- [Work to be completed]: An image-free reproduction of the data below is needed: print it exactly.

- [Data segment]:
%%

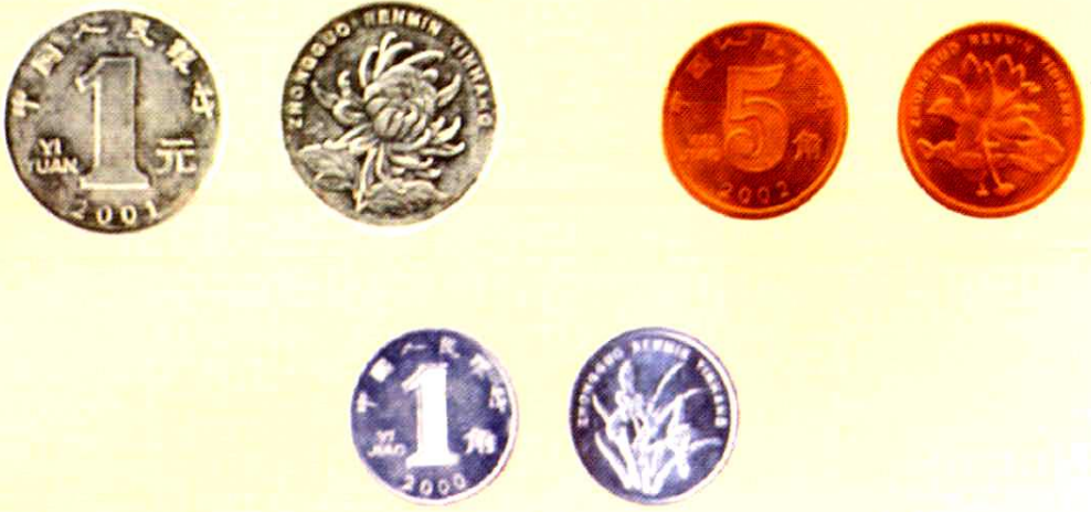
第五套人民币1元、5角、1角硬币图样
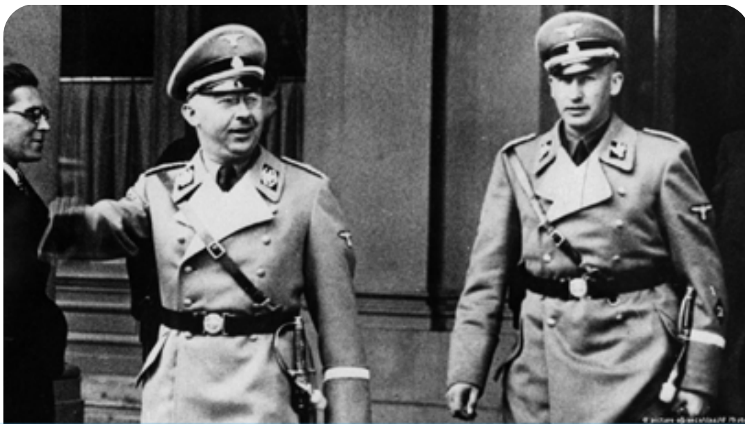
Reinhard Heydrich (der.) y el jefe de la Gestapo, Heinrich Himmler

Para instituciones como Yad Vashem la conferencia representa un momento en que la maquinaria del Estado nazi formalizó la planificación del genocidio.

%%

- [Problem solution]:
第五套人民币1元、5角、1角硬币图样
Reinhard Heydrich (der.) y el jefe de la Gestapo, Heinrich Himmler

Para instituciones como Yad Vashem la conferencia representa un momento en que la maquinaria del Estado nazi formalizó la planificación del genocidio.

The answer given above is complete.